In the data below, find every line with the word "Figure" and copy it out.

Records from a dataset
□ □ □ □
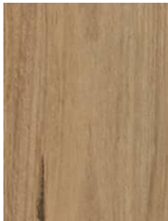
545 Classic Blackbutt
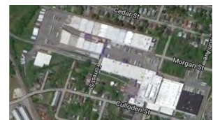
Kraft Foods - Suffolk, VA Food manufacturing facility ~1,000,000 sqft
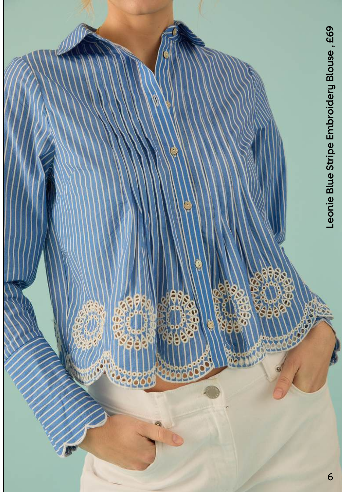
Leonie Blue Stripe Embroidery Blouse , £69
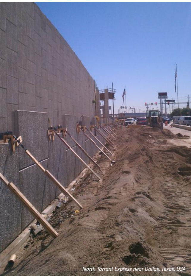
North Tarrant Express near Dallas, Texas, USA
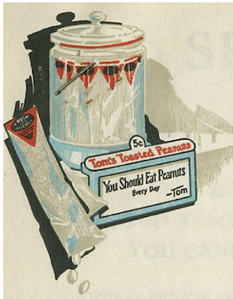
Figure 3. Letterhead depicting Tom's countertop marketing material.

was that Huston pushed peanuts all over the United States in "tall, slender bags with a red seal at the top." 91
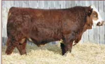
VIRGINIA RADISON 5Z - Sire of Lot 43
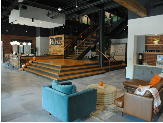
Welcome Desk 2
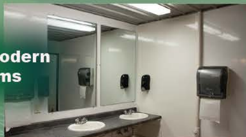
Clean modern bathrooms
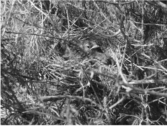
Figure 48. Chipping Sparrow nest in Canchalagua Canyon 13 June 2004.
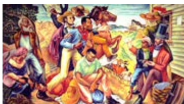
Scenes from the Underground Railroad , 1940, oil on canvas, overall: 72" x 120"
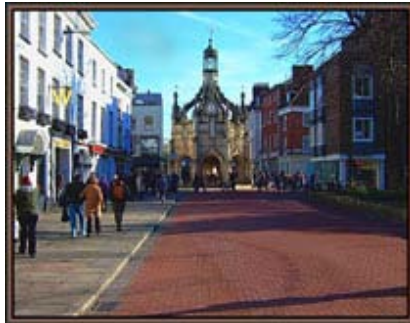
We enjoyed a break in the journey at Chichester which we explored in the winter sun.

'Twas a bright and sunny November morning as 48 jolly Associates and guests wended their way, via Chichester, to Portsmouth to catch the ferry to cross a calm Solent to the delightful Isle of Wight.
□ □ □ □
**Reply**
Figure 3. Letterhead depicting Tom's countertop marketing material.
Figure 48. Chipping Sparrow nest in Canchalagua Canyon 13 June 2004.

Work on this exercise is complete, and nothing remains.